Pergunta: Eu queria perguntar pro Tiago, Tiago, é muito bom ver o seu lado. Eu quero saber, hoje em dia, você faz alguma terapia intensiva ou diminuiu? O que você faz hoje em termos de terapia? Brigada.

Tiago: Bom, desde que eu entrei na universidade, eu comecei a fazer terapia, eu comecei fazer durante alguns meses quando eu era calouro, mas a psicóloga que me atendeu pediu demissão.

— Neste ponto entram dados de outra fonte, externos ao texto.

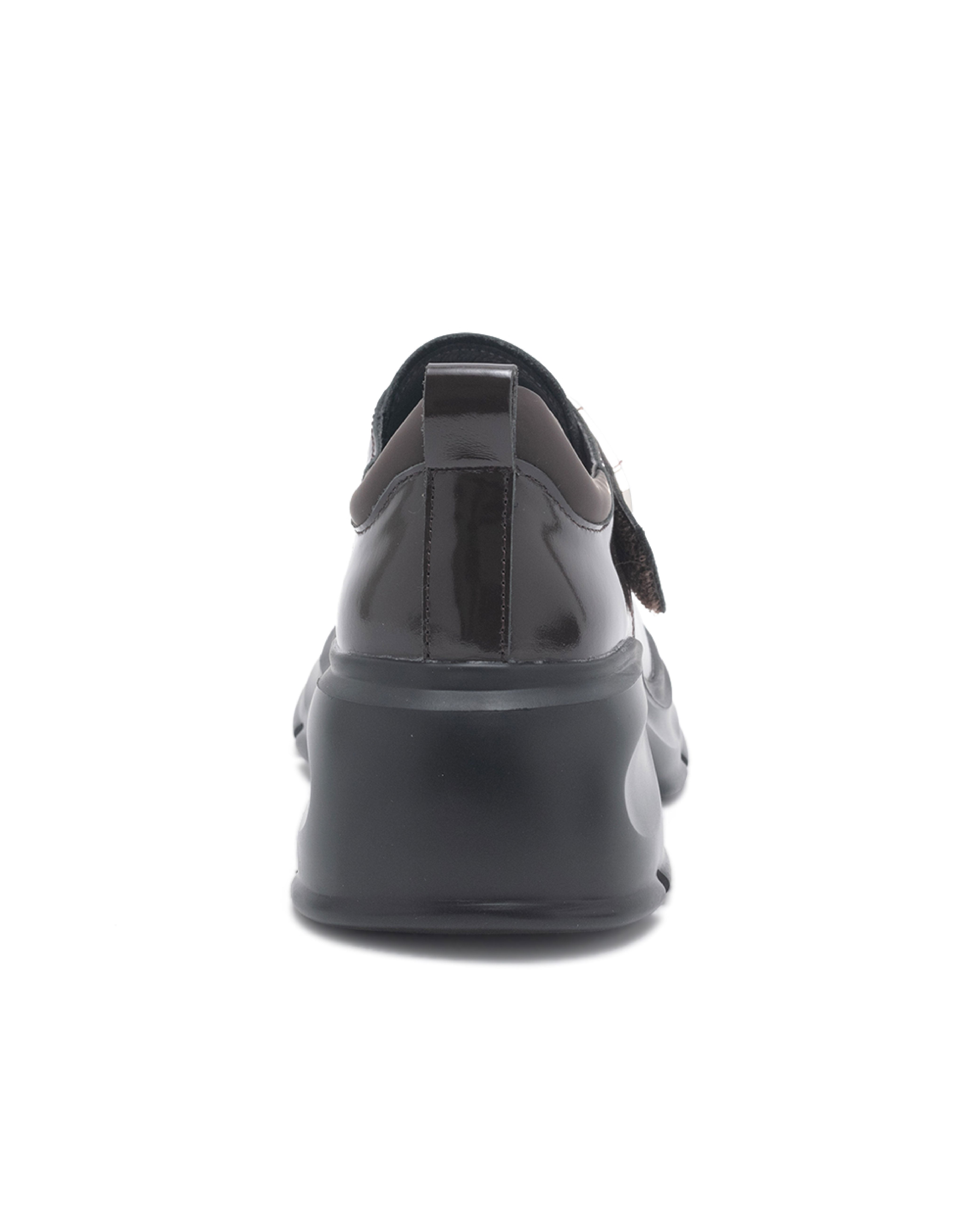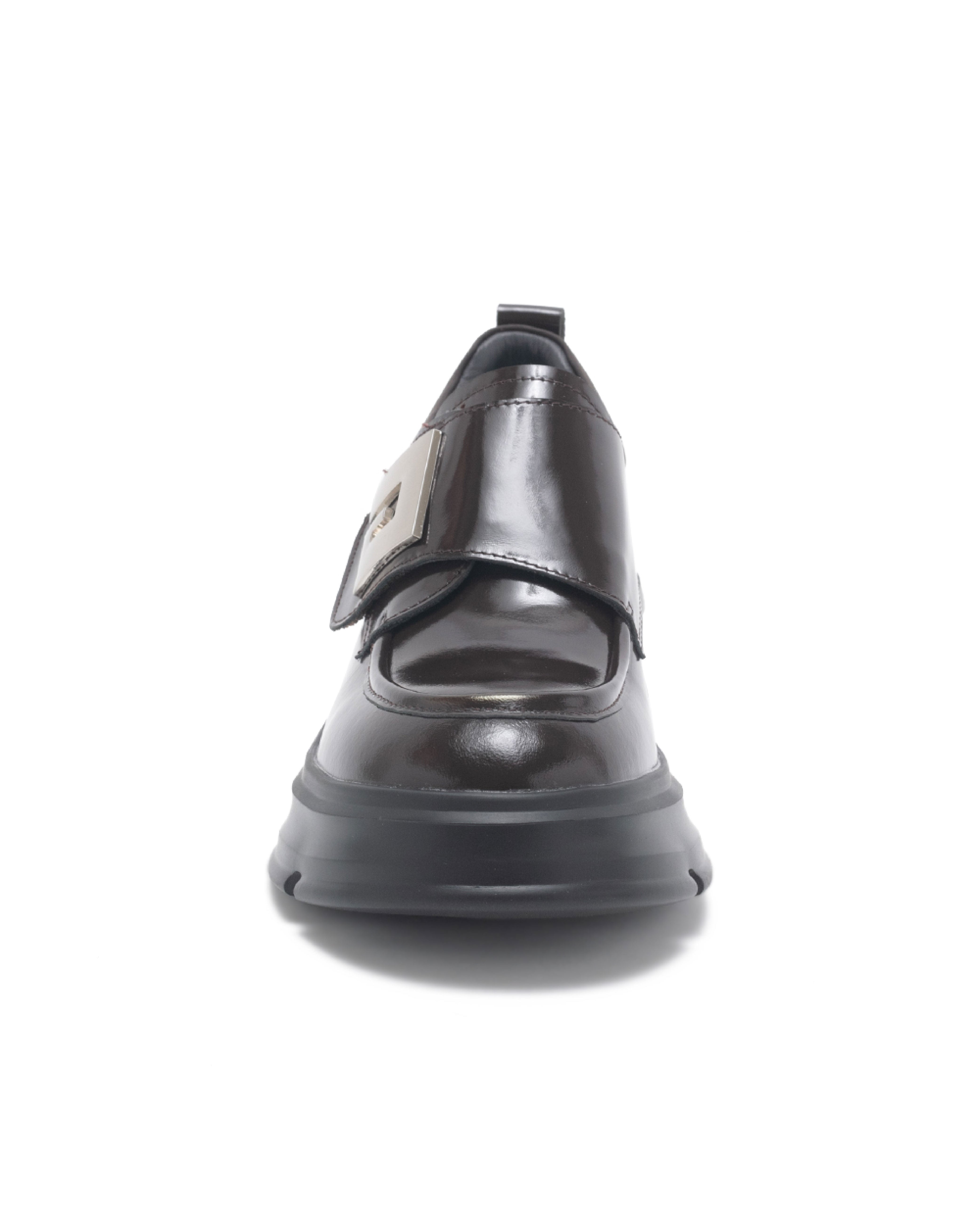 Twverna 厚底方形扣飾休閒樂福鞋-鏡咖啡

Em 2016, uma psicóloga lá do Saudavelmente, que também é professora universitária, ela mestre em Filosofia, chamada Tatiana, entrou em contato comigo porque ela atendia um aluno da medicina, chamado Otávio, que ele não conhecia outras pessoas com Asperger e seria interessante esse contato. Isso foi em abril de 2016. Eu conheci ela, comecei a ser atendido por ela de forma individual e comecei a ser atendido, junto com ele, coletivamente, como se fosse uma terapia em grupo. Com isso, outras pessoas foram chegando. E eu tenho também o meu atendimento individual, que já tem aí uns dois anos ocorrendo de terapia. E é um processo bastante bom pra mim, porque eu também tomo medicação, medicação mais pra comorbidades mesmo, associadas. E é basicamente isso, assim. Essa terapia tanto individual, quanto em grupo, ela foi muito benéfica no sentido de prover identificações com outras pessoas.Então, a melhor coisa aconteceu pra mim durante essa trajetória acadêmica, durante a graduação foi poder ser atendido e ter esse acompanhamento constante, que é geralmente uma vez por semana, individualmente, por semana também por grupo, então são datas já separadas do meu calendário para terapia.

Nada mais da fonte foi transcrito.